[Opening Provided records section]

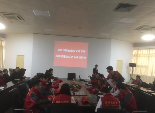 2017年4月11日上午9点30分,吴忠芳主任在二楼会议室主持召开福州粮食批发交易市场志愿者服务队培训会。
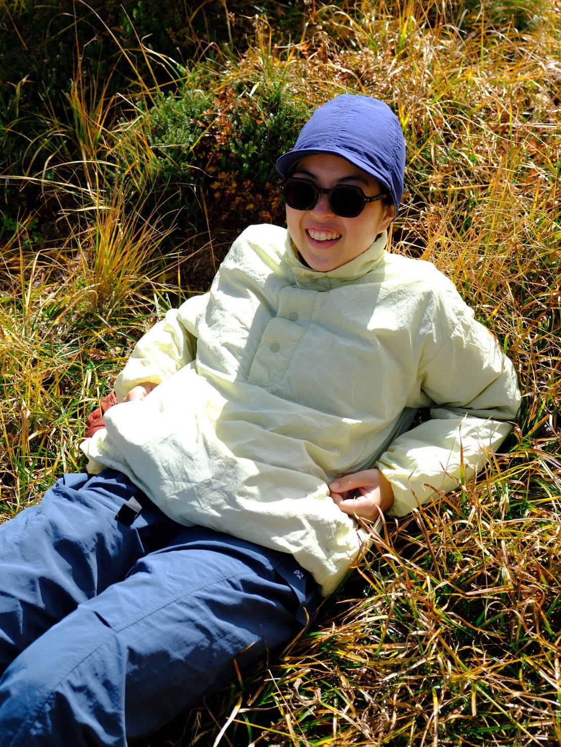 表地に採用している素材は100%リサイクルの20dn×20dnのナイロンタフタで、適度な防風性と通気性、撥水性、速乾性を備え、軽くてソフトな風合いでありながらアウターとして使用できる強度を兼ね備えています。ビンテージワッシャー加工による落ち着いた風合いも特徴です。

[Closing Provided records section]
[Opening Provided records section]

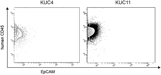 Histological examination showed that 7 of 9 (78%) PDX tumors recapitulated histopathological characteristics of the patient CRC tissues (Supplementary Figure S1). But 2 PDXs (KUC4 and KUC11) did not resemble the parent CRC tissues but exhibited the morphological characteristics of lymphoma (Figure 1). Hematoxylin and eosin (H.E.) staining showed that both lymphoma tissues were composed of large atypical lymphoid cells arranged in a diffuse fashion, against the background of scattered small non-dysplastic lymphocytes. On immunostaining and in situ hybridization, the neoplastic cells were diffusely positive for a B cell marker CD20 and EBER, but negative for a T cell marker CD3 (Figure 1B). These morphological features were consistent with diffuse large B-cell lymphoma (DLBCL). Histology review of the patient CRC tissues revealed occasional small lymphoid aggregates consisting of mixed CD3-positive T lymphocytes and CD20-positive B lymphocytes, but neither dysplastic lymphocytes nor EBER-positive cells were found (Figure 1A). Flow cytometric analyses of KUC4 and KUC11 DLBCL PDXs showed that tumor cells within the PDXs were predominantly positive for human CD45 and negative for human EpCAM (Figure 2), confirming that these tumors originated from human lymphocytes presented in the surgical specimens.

[Closing Provided records section]
[Opening Provided records section]

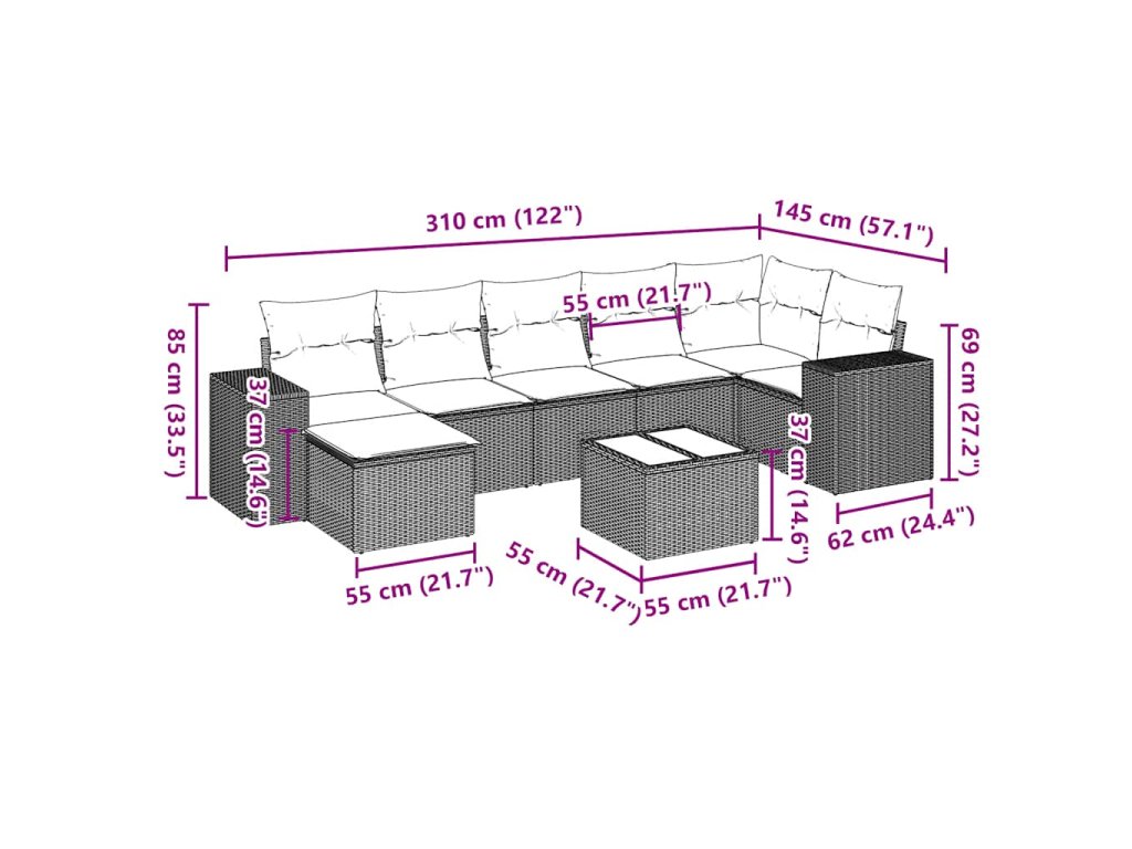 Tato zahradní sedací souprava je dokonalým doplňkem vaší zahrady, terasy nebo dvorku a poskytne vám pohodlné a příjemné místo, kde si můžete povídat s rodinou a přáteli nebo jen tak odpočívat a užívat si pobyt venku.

[Closing Provided records section]

__Task to carry out__.
An exact copy is needed. It runs from the line above containing "2017年4月11日上午9点" down to the line containing "表地に採用している素材は10", both included, with no pictures.

__Worked solution__.
 2017年4月11日上午9点30分,吴忠芳主任在二楼会议室主持召开福州粮食批发交易市场志愿者服务队培训会。
 表地に採用している素材は100%リサイクルの20dn×20dnのナイロンタフタで、適度な防風性と通気性、撥水性、速乾性を備え、軽くてソフトな風合いでありながらアウターとして使用できる強度を兼ね備えています。ビンテージワッシャー加工による落ち着いた風合いも特徴です。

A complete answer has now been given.